Ein zweiter offener Punkt kam am Montag kurzfristig dazu. Die Firma, die den gesprengten Automaten mit Geld bestückt hat, hatte in einer E-Mail die zum Zeitpunkt der Sprengung im Gerät vorhandene Summe konkretisiert – und damit für Verwirrung bei den Prozessbeteiligten gesorgt. Diese Angabe ist dafür wichtig, um die Höhe der Beute konkret benennen zu können. Zwar ist in dem Fluchtwagen und bei den Angeklagten eine sechsstellige Summe sichergestellt worden, jedoch gilt bisher ein mittlerer fünfstelliger Betrag als verschwunden. Für diese Summe müssten Mauro B. und Samet A. im Falle ihrer Verurteilung aufkommen – ebenso wie für den Schaden am Automaten und dem Gebäude.

Mauro B. hat über seinen Verteidiger eingeräumt, an der Sprengung des Geldautomaten beteiligt gewesen zu sein. Samet A., der in seinem Heimatland 13 Vorstrafen unter anderem wegen Diebstahls mit Waffen kassiert hat, will lediglich einen zweiten Fluchtwagen aus Holland herangeführt und diesen in Rellingen an die Automatensprenger übergeben haben. Weil diesen die Polizei schon dicht auf den Fersen war, habe nur einer der Täter mit dem Audi flüchten können. Er sei mit dem zweiten Täter Mauro B., der zwei Vorstrafen aufweist, zurückgeblieben und mit ihm zu Fuß zum Friedhof geflüchtet, wo die Festnahme erfolgte.

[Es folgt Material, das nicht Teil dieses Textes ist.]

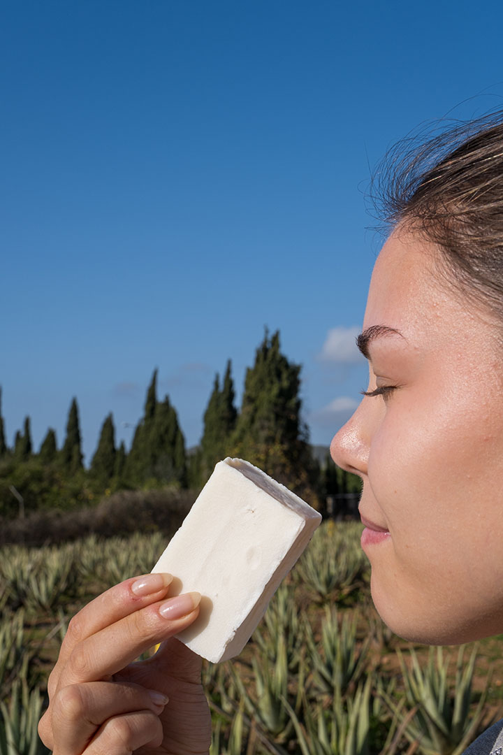 Jabón de higiene diaria formulado artesanalmente con Aloe Vera y Aceite de Oliva, para el cuidado de las pieles más exigentes. Recomendada para pieles sensibles.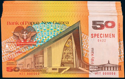 PAPUA NEW GUINEA, Bank of Papua New Guinea, specimen fifty kina, undated (1989) (P.11s), specimen numbers 0223-0249; 0251-0271; 0281-0300; 0413-0422 plus a single 0150. Notes slightly crinkled otherwise good extremely fine. (84)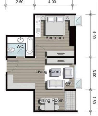 ประเภท : 1 ห้องนอน 1 ห้องน้ำ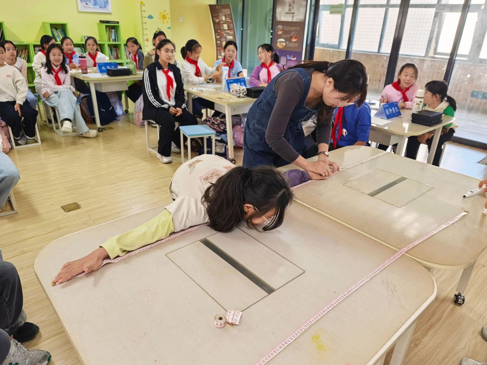 此外,课程特别设置了“臂展测量与实践”环节,详细讲解臂展的定义、测量方法及其在运动选材与健康评估中的意义。薛晓菲指出,臂展与身高的关系可作为个体运动潜能的重要参考,帮助学生理解身体结构与运动能力之间的科学联系。
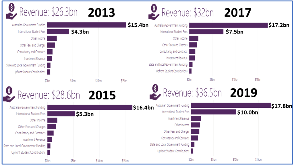 In Education Department figures it is true that the growth of total Commonwealth funding (including HELP) slowed down over 2013-2019. It rose by $1bn over 2014-2015, then by $0.8bn over 2016-2017, then by $0.6bn over 2018-2019. But at the same time, total sector revenue rose ever more strongly due to rising international enrolments. It rose by $2.3bn over 2014-2015, then by $3.4bn over 2016-2017, then by $4.5bn over 2018-2019. The international student fee component rose by $1bn over 2014-2015, then by $2.2bn over 2016-2017, then by $2.5bn over 2018-2019.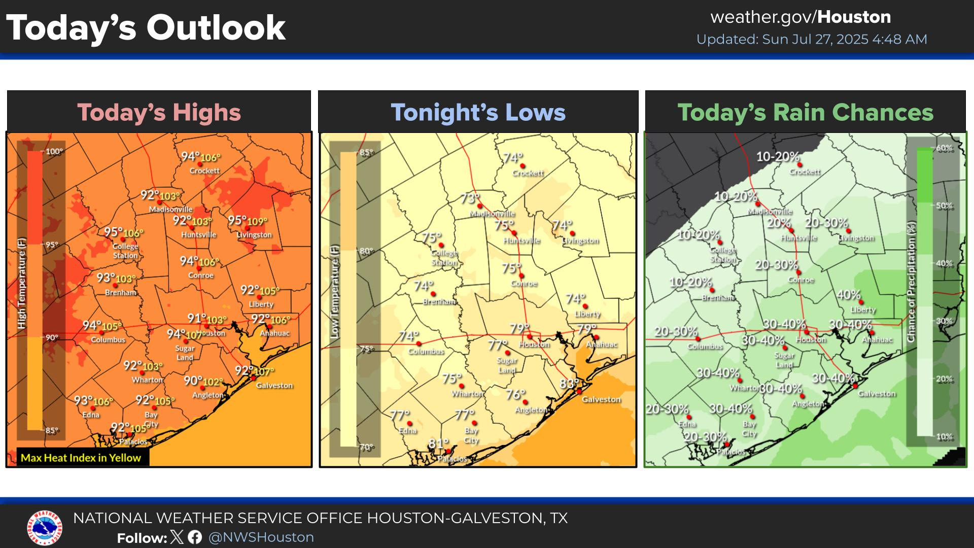 Houston (IAH) 77 97 78 95 / 0 10 10 30

Die Kammer hat den vorgesehenen Termin der Urteilsverkündung am 23. April aufgehoben. Der neue Zeitplan sieht einen Kurztermin am 3. Mai und einen ganzen Verhandlungstag am 10. Mai vor, an dem das Ende der Beweisaufnahme und die Plädoyers erfolgen sollen. Ein Urteil soll am 12. Mai fallen.